La mitzva de la semaine par le Rav Shaoul David Botschko – Parachat Bô : La mitzva qui n’a pas été comptée
J’ai donné un jour une conférence au cours de laquelle j’ai mentionné une date – le mois et l’année – du calendrier civil. Un des auditeurs m’a violemment pris à partie : quelle honte qu’un rabbin israélien donne une date du calendrier non-juif ! Nous sommes des Hébreux et nous devons utiliser le calendrier hébraïque !
Le contestataire a semble-t-il raison. En effet, notre paracha stipule clairement (Chemot xii, 2) :
« Ce mois-ci sera pour vous le commencement des mois. Il est le premier pour vous des mois de l’année. »
Le mois de la sortie d’Égypte est littéralement le premier mois de l’année ; nous comptons donc les mois à partie de celui-là, le deuxième après la sortie d’Égypte, le troisième, etc., ainsi que l’explique Nahmanide :
« “Ce mois-ci sera pour vous le commencement des mois” signifie qu’Israel doit le compter comme le premier à partir duquel les autres seront comptés, deuxième, troisième et ainsi de suite jusqu’à la fin de l’année au douzième mois, cela afin d’assurer le souvenir du grand miracle. En effet, chaque fois que nous mentionnerons les mois, le miracle sera rappelé. C’est la raison pour laquelle les mois n’ont pas de nom dans la Thora. Nous dirons donc “au troisième mois” (ci-après xix, 1) ou “Et ce fut dans la deuxième année, au deuxième mois, la nuée s’éleva” (Nombres x, 11) ou encore “et au septième mois au premier du mois” (ibid., xxix, 1) et de même pour tous. »
Mais en fait, ce n’est que dans la Thora que les mois sont ainsi comptés. Nous les appelons « Nissan », « Iyar », etc. Que s’est-il passé ? C’est qu’une telle mitzva n’existe pas dans la Thora, en tant que halakha. Nahmanide lui-même explique pourquoi nous utilisons pour les mois leur nom babylonien :
« Nos maîtres ont déjà parlé de ce sujet et ont déclaré que “les noms des mois sont montés avec nous de Babel” (Talmud de Jérusalem, Roch Hachana i, 2 ; Genèse Rabba 48, 9). Ceci parce qu’au début, les mois n’avaient pas de nom chez nous et cela parce que leur compte rappelait la sortie d’Égypte. Mais lorsque nous nous sommes montés de Babel et que s’est réalisée la prophétie de Jérémie (xvi, 14–15), “et on ne dira plus ‘vivant est Hachem qui a fait monter les Enfants d’Israël du pays d’Égypte’ mais ‘vivant est Hachem qui a fait monter et qui a amené les Enfants d’Israël du pays du Nord…’ nous sommes revenus à nommer les mois du nom dont on les appelle à Babel, pour rappeler que c’est là que nous nous trouvions et que c’est de là qu’Hachem nous a fait monter.

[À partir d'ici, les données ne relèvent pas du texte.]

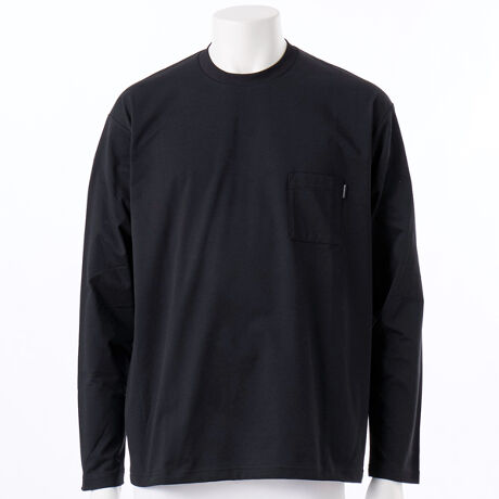 天然繊維のような柔らかさとともに、汗処理機能と肌離れのよさを備えた、現代の酷暑に対応する長袖Tシャツ/特徴・汗を素早く吸水・発散し、肌をドライに保つ吸汗速乾素材・FLASHDRYを採用・接触冷感機能により、夏でも快適な着心地/生地・素材・速乾性に優れたポリエステル素材・ストレッチ性のある生地で上半身の動きに追従/機能・デザイン・インナーとしても単体でも着用しやすい、シンプルなデザイン・襟はフライス素材でカジュアルな印象・左胸にポケット・左胸ポケットにピスネーム/おすすめシーン・ライフスタイル、アウトドア
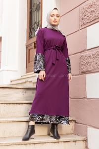 Modalamelif Kuşaklı Pul Payet Elbise Mürdüm
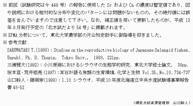 試験研究は今 No.455「耳石のストロンチウム・カルシウム比(Sr/Ca)から判別した石狩におけるシラウオの河川遡上群と沿岸残留群の体長」(2001年8月16日)
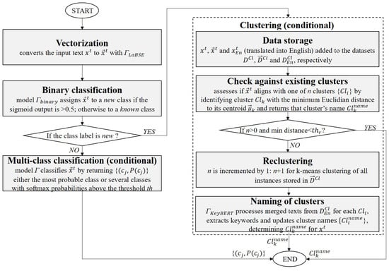 The previously trained multi-class classification model, denoted as , and the binary text classification model, , are integrated into the final system. The final system is depicted in Figure 2, which is composed of multiple blocks detailed in the sections below (for notation details, see Section 3):
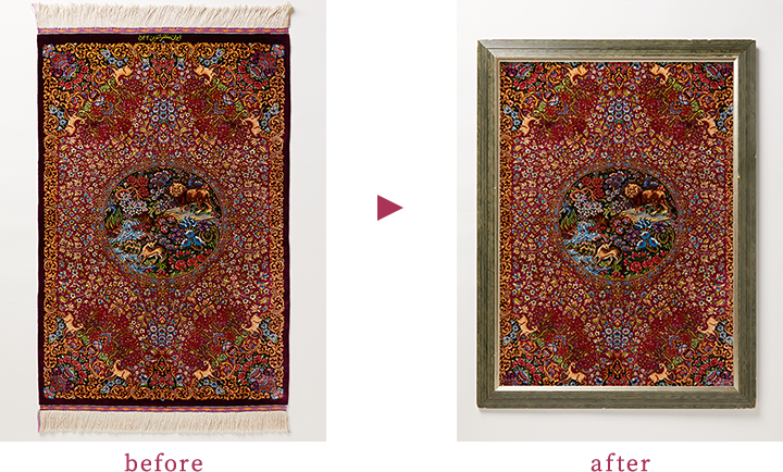 美しい絨毯をタペストリーのように掛けたり、額装することで壁に飾ることができます。新しい絨毯を買ったけれど、これまで使ってきた絨毯も手放し難い、愛着がある、という方にもお薦めです。額縁の種類などにより料金が異なりますので、ご相談くださいませ。
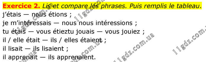 Exercice 2. Lis et compare les phrases. Puis remplis le tableau. j’étais — nous étions ; je m’intéressais — nous nous intéressions ; tu étais — vous étieztu jouais — vous jouiez ; il / elle était — ils / elles étaient ; il lisait — ils lisaient ; il apprenait — ils apprenaient.
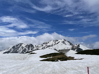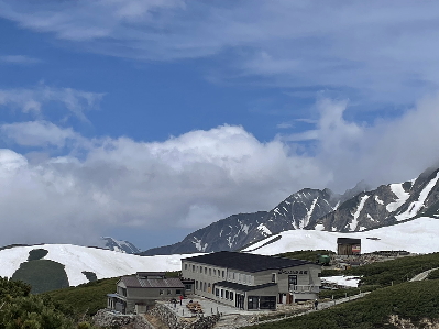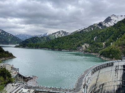 黒部平からは立山ロープウェイで大観望へ。標高2316から黒部ダムを一望。残雪山々の奥に見える黒部湖はとてもきれいでした。
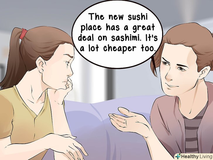 Надайте йому інформацію. вперті люди часто бувають налякані невідомістю. Вони можуть не хотіти робити щось тільки тому, що ніколи не робили цього раніше, і не звикли порушувати звичні моделі поведінки. Чим більше ви розповісте про ситуацію, тим комфортніше людина буде себе почувати. Він зрозуміє, що в тому, що ви пропонуєте, немає нічого страшного, тому що він буде знати, що станеться далі. Ось кілька зразкових фраз, які ви можете сказати:- " у новому суші-барі відмінний вибір сашимі. Це ще й набагато дешевше, ніж італійська кухня. А ще у них приголомшливий величезний телевізор, і ми можемо ще застати кінець гри, поки будемо їсти".

Car ces noms, Nissan, Iyar, etc. sont des noms persans et on ne les trouve mentionnés que dans les livres des prophètes babyloniens. »
Extraordinaire ! Le miracle de la montée en Israël au temps d’Ezra et de Néhémie est plus grand que celui de la sortie d’Égypte, bien que tout se soit passé de manière naturelle. Après un exil de soixante-dix ans, merveille d’entre les actes d’Hachem, les Enfants d’Israël ont pu revenir en Eretz Israël. Et cet événement est plus proche de nous que l’époque de la sortie d’Égypte qui s’est produite il y a si longtemps.
Or donc, si le retour des Juifs de Babylone au temps du deuxième Temple, après un exil de seulement soixante-dix ans, est un miracle supérieur à celui de la sortie d’Égypte, ô combien plus grand encore est le miracle du retour d’Israël de toutes les extrémités de la terre après un exil de deux mille ans !
Cela explique peut-être pourquoi nous nous servons d’un système de dates « étranger ».